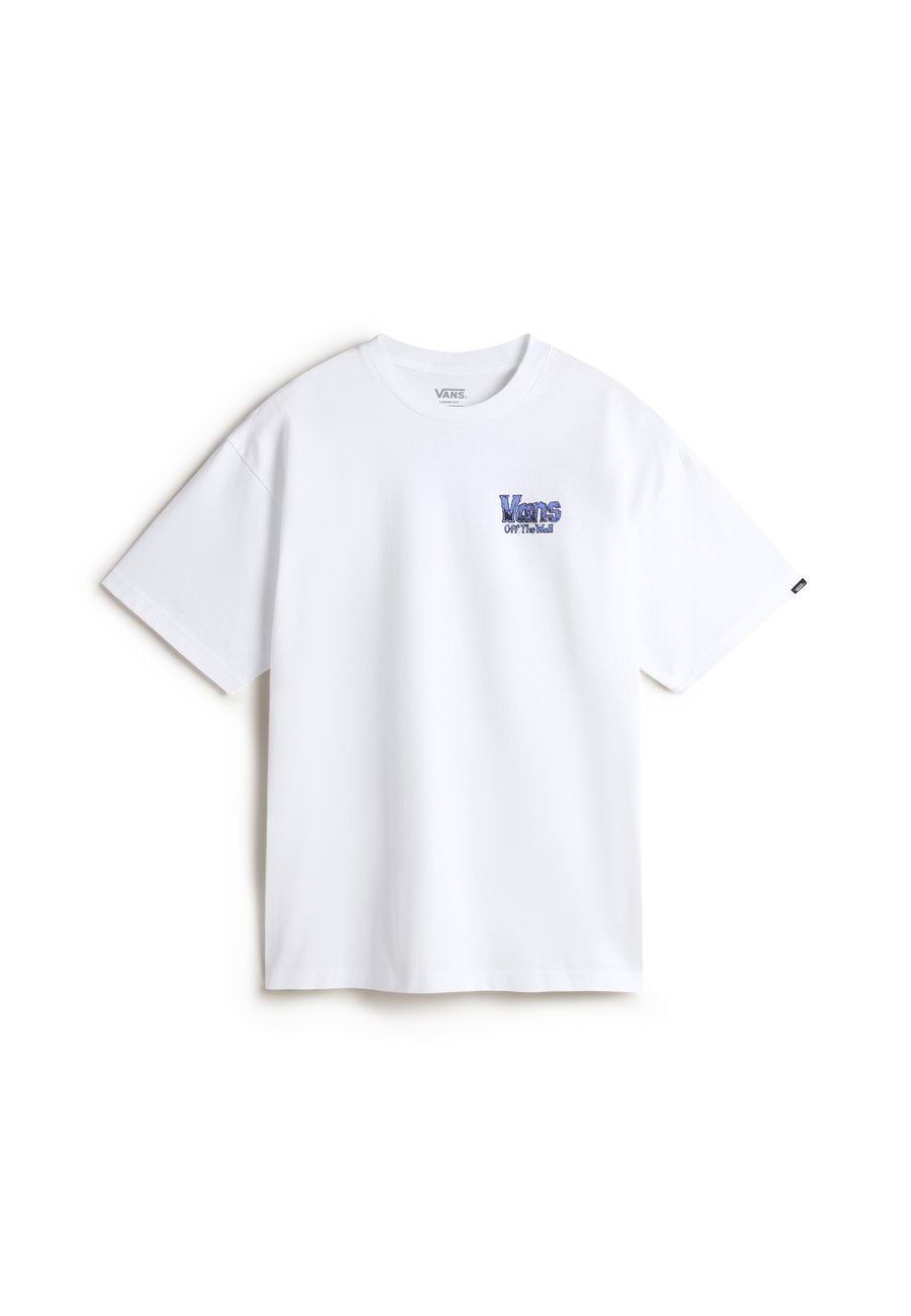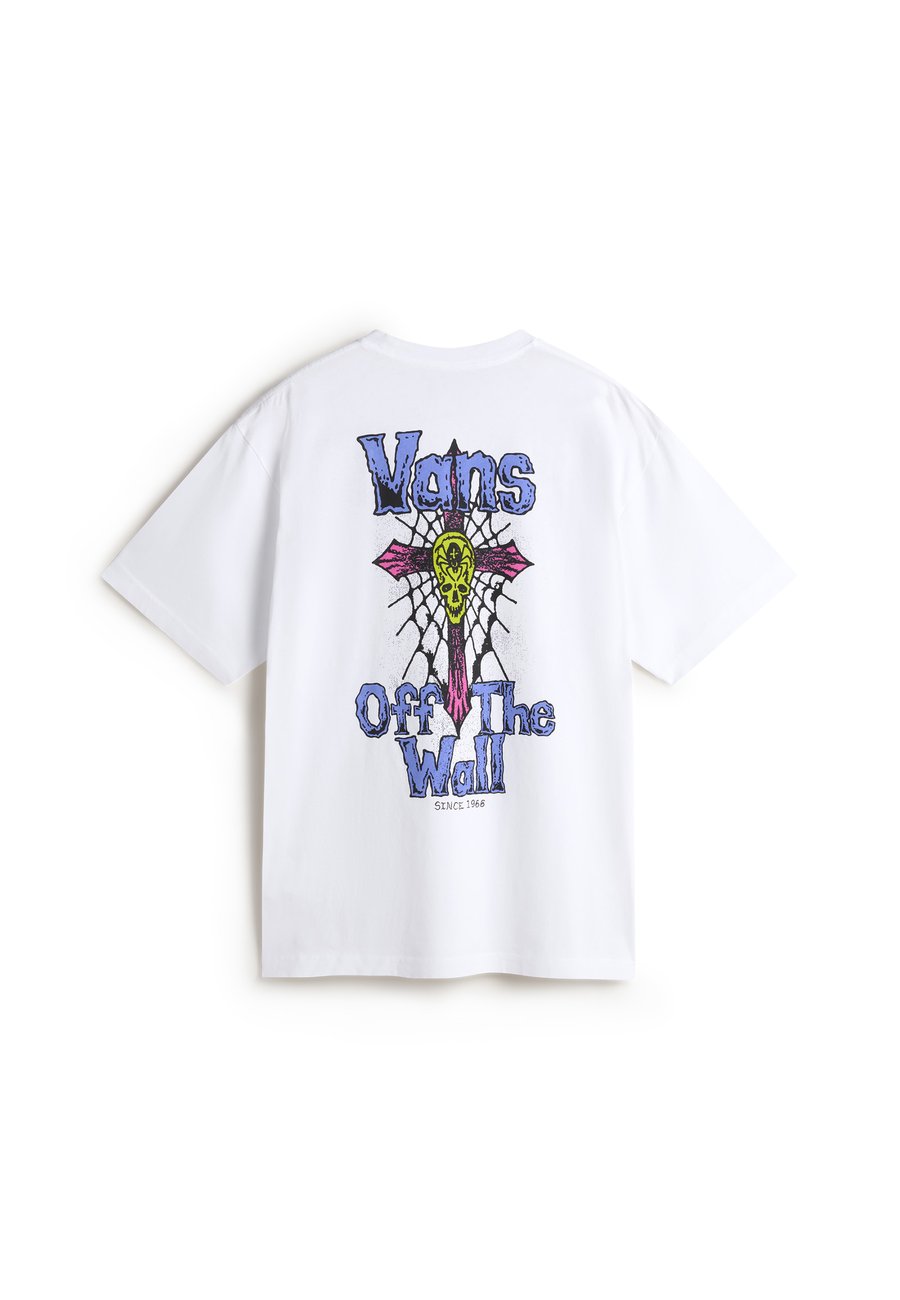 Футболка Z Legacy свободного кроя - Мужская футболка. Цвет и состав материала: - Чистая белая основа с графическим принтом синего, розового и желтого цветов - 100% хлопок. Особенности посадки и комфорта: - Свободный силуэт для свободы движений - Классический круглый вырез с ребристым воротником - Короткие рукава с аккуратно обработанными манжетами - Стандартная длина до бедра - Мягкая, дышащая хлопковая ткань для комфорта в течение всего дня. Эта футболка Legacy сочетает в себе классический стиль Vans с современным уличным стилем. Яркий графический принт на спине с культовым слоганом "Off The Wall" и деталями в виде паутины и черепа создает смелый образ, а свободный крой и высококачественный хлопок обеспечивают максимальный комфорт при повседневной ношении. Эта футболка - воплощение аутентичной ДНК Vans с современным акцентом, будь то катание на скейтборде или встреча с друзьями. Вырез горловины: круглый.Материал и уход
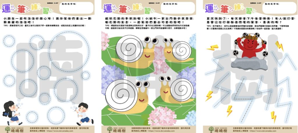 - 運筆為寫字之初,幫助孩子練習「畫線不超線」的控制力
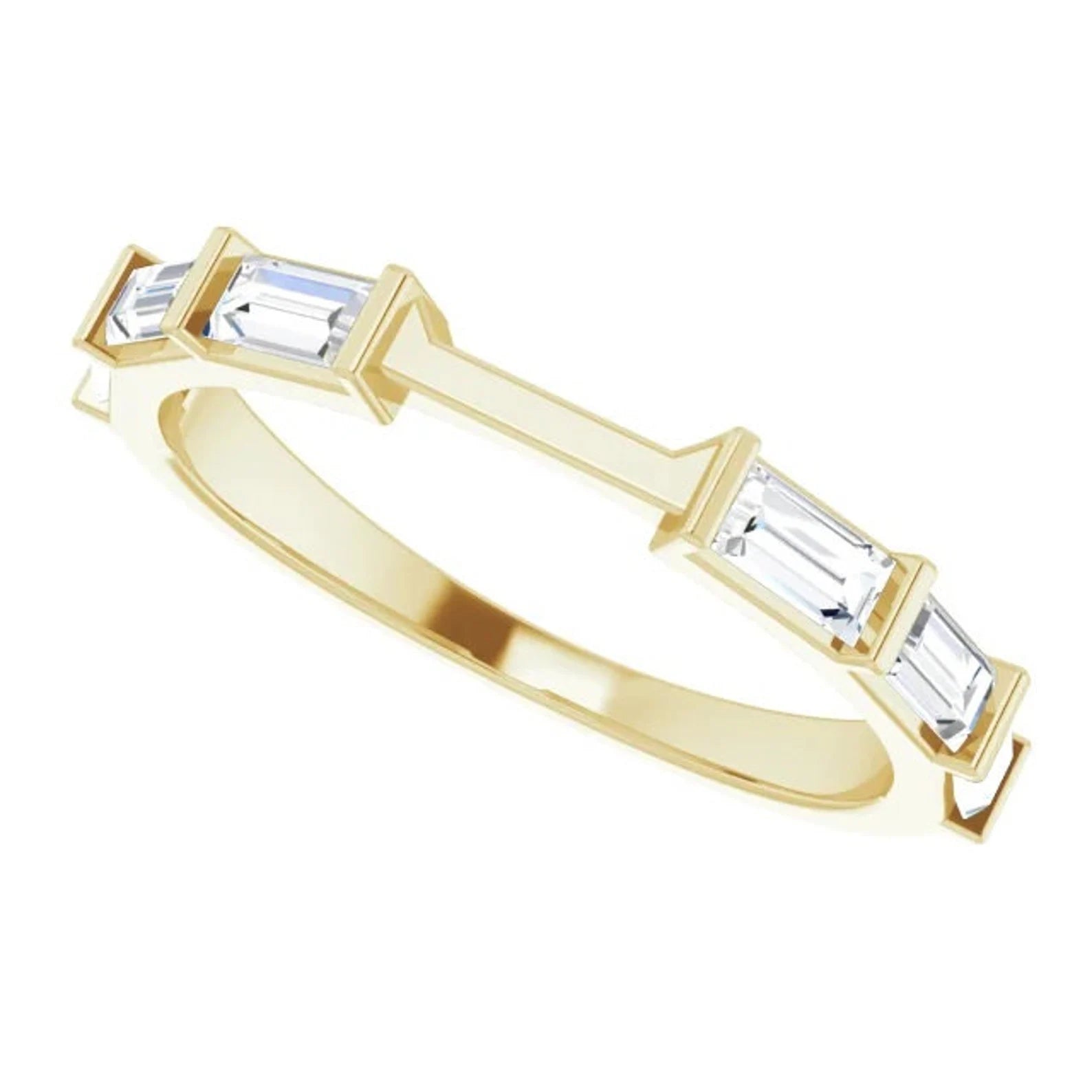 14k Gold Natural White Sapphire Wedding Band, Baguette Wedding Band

· · · · ·

What is expected> The reply should repeat the data in full, exactly as given, and contain no pictures.

Output>
 Футболка Z Legacy свободного кроя - Мужская футболка. Цвет и состав материала: - Чистая белая основа с графическим принтом синего, розового и желтого цветов - 100% хлопок. Особенности посадки и комфорта: - Свободный силуэт для свободы движений - Классический круглый вырез с ребристым воротником - Короткие рукава с аккуратно обработанными манжетами - Стандартная длина до бедра - Мягкая, дышащая хлопковая ткань для комфорта в течение всего дня. Эта футболка Legacy сочетает в себе классический стиль Vans с современным уличным стилем. Яркий графический принт на спине с культовым слоганом "Off The Wall" и деталями в виде паутины и черепа создает смелый образ, а свободный крой и высококачественный хлопок обеспечивают максимальный комфорт при повседневной ношении. Эта футболка - воплощение аутентичной ДНК Vans с современным акцентом, будь то катание на скейтборде или встреча с друзьями. Вырез горловины: круглый.Материал и уход
 - 運筆為寫字之初,幫助孩子練習「畫線不超線」的控制力
 14k Gold Natural White Sapphire Wedding Band, Baguette Wedding Band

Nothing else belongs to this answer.